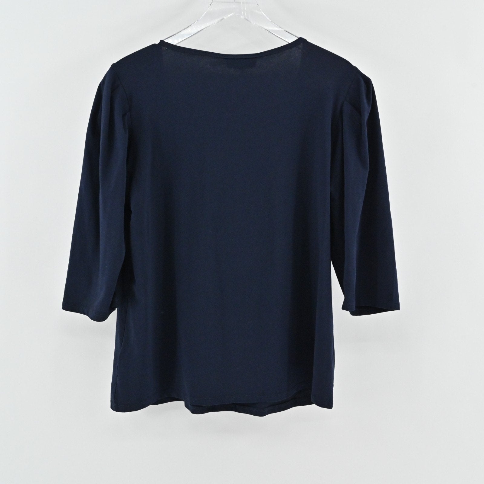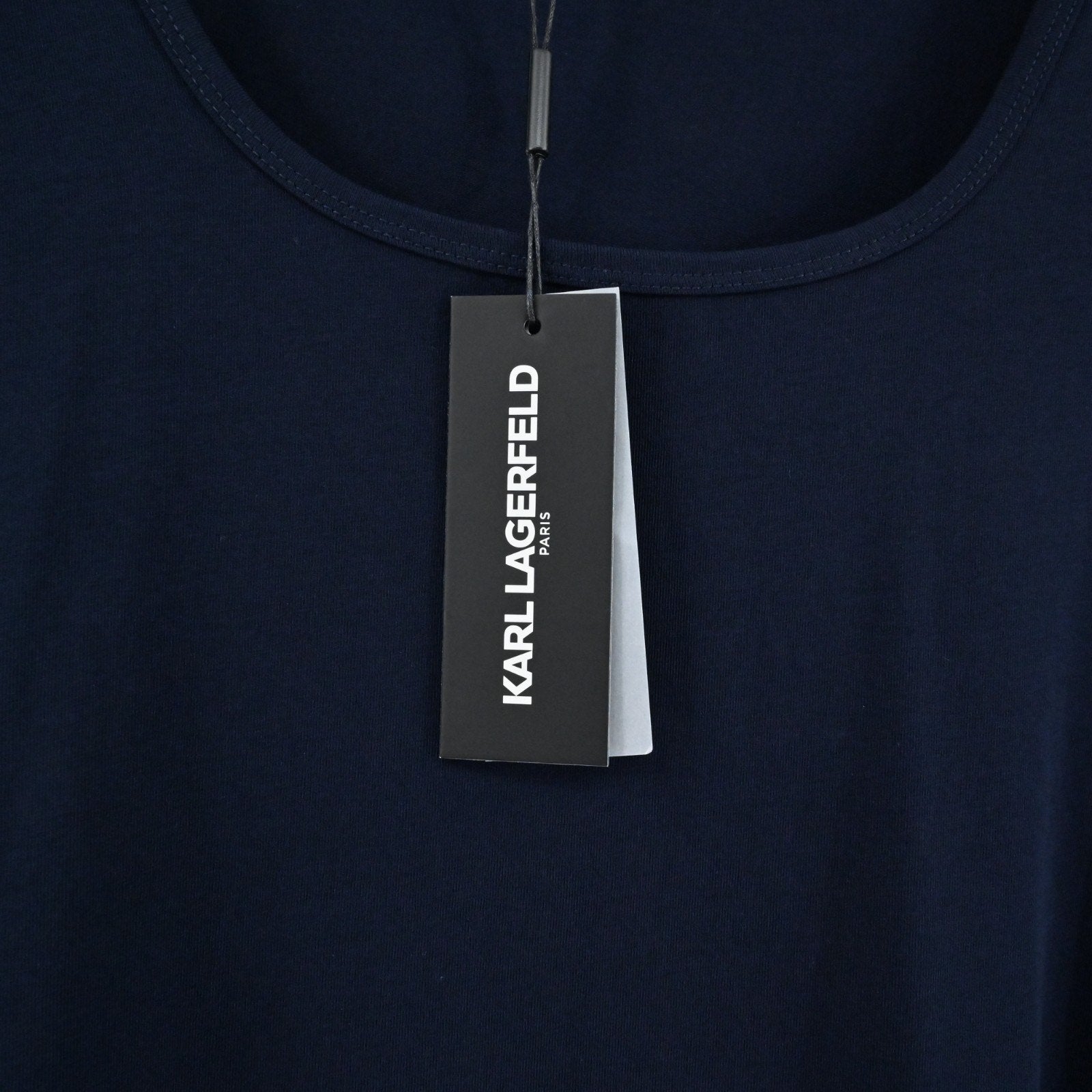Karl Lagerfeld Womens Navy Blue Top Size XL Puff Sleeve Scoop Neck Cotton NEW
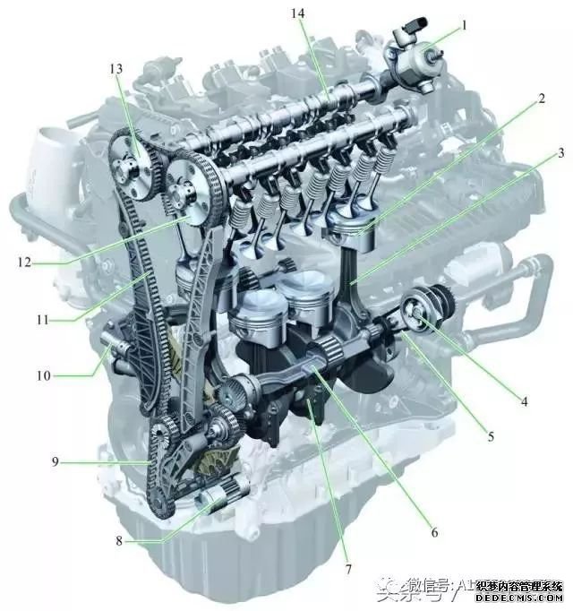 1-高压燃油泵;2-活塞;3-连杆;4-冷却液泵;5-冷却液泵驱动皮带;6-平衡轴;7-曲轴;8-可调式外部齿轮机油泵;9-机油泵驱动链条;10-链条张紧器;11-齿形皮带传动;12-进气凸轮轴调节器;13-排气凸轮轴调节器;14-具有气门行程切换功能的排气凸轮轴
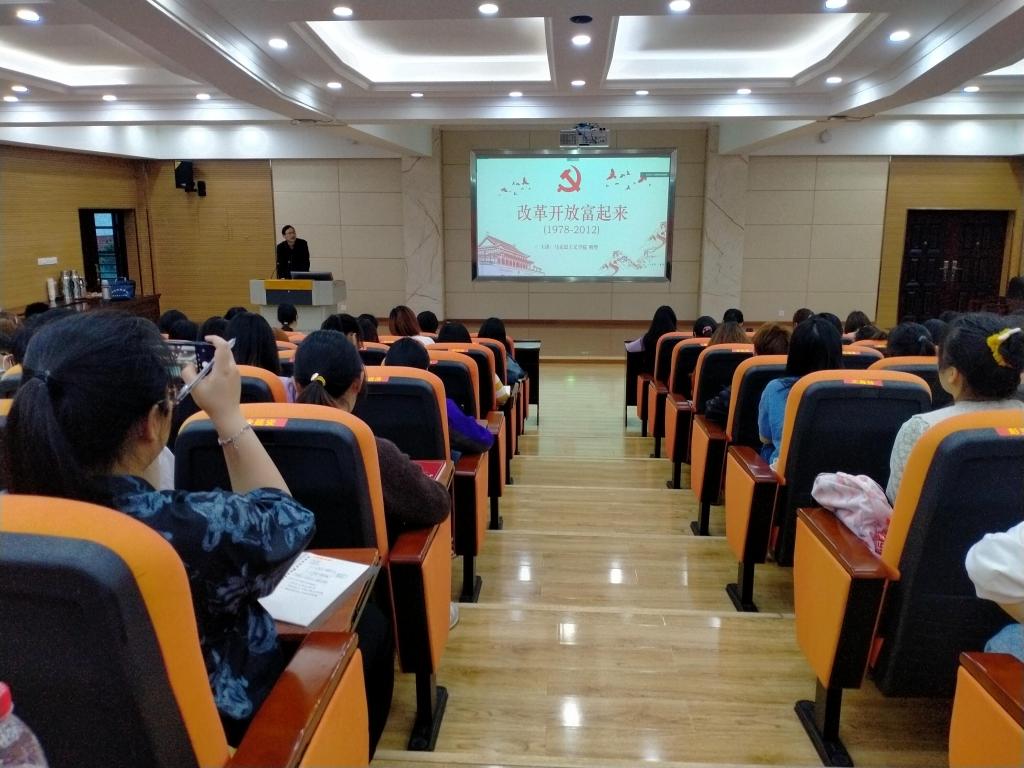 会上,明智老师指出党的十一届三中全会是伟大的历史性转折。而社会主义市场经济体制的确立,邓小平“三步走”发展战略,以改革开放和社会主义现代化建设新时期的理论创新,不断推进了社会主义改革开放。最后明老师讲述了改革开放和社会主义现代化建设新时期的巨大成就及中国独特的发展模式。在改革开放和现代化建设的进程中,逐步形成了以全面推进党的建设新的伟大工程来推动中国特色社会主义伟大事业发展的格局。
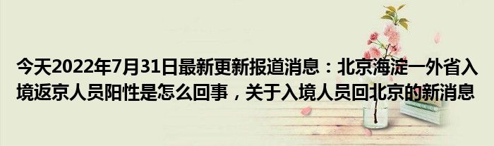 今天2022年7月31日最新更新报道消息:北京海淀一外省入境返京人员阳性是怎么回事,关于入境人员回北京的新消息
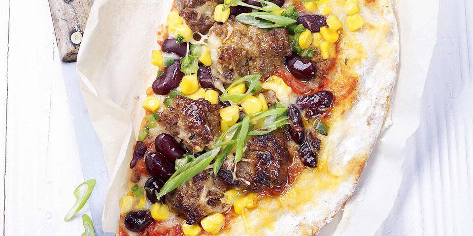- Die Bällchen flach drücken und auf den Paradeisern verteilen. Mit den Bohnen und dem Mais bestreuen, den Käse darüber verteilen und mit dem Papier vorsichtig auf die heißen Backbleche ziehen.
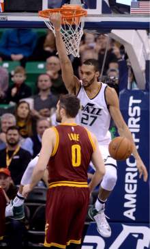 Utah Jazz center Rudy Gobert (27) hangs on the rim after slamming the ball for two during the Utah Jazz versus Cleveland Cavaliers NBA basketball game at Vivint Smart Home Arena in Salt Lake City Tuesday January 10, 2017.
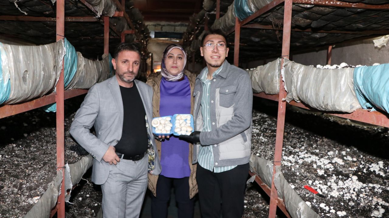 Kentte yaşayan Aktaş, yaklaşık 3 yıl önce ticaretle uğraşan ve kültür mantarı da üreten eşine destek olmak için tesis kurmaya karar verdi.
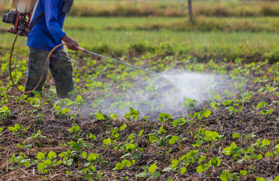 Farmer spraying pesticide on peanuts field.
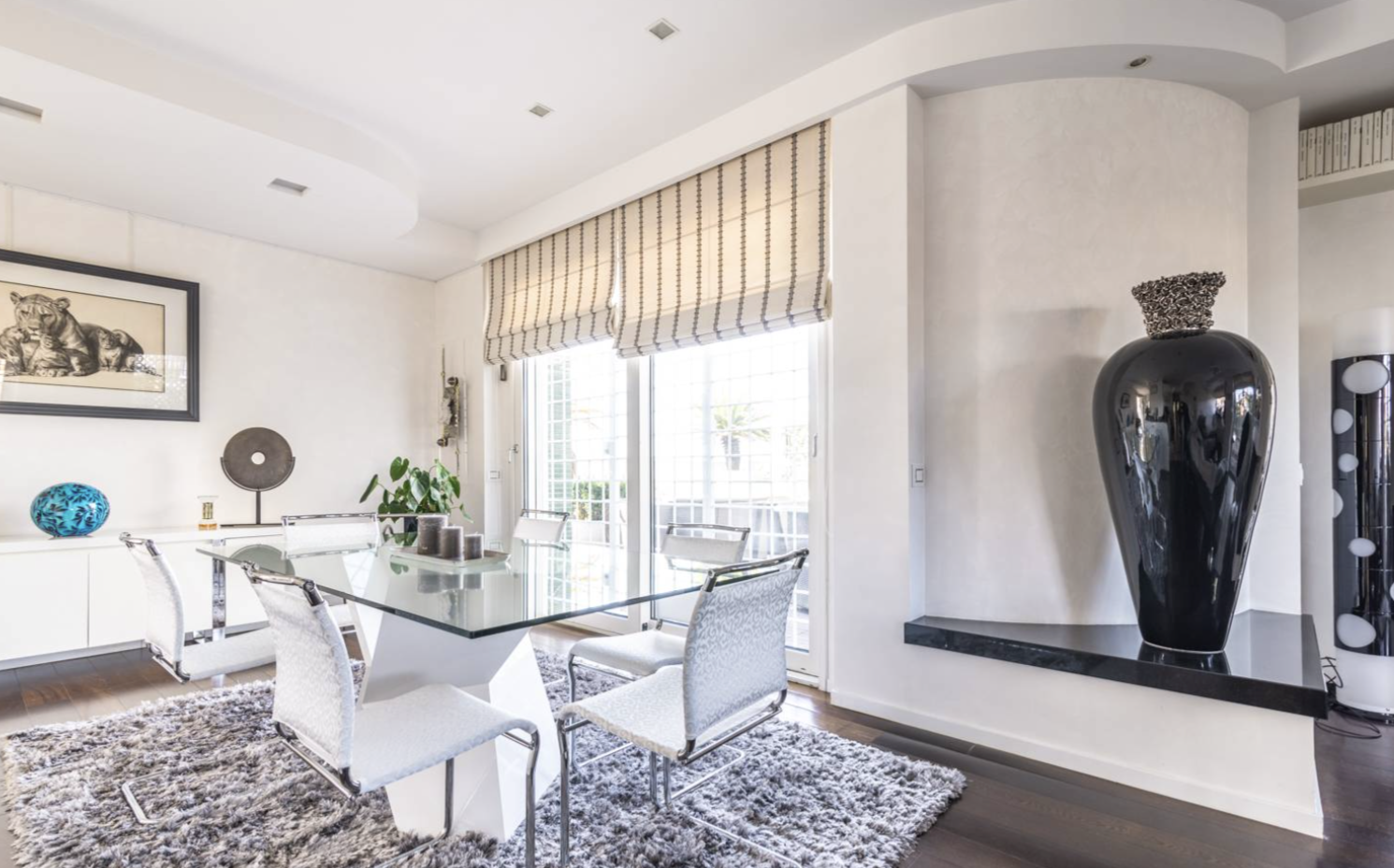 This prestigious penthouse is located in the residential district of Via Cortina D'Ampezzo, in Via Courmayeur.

— EXERCISE —
The lines from the one containing "Kentte yaşayan Aktaş, yaklaşık" through the last line of the entries are to be copied exactly, both ends included, and the pictures are to be omitted.

— COMPLETED EXERCISE —
 Kentte yaşayan Aktaş, yaklaşık 3 yıl önce ticaretle uğraşan ve kültür mantarı da üreten eşine destek olmak için tesis kurmaya karar verdi.
 Farmer spraying pesticide on peanuts field.
 This prestigious penthouse is located in the residential district of Via Cortina D'Ampezzo, in Via Courmayeur.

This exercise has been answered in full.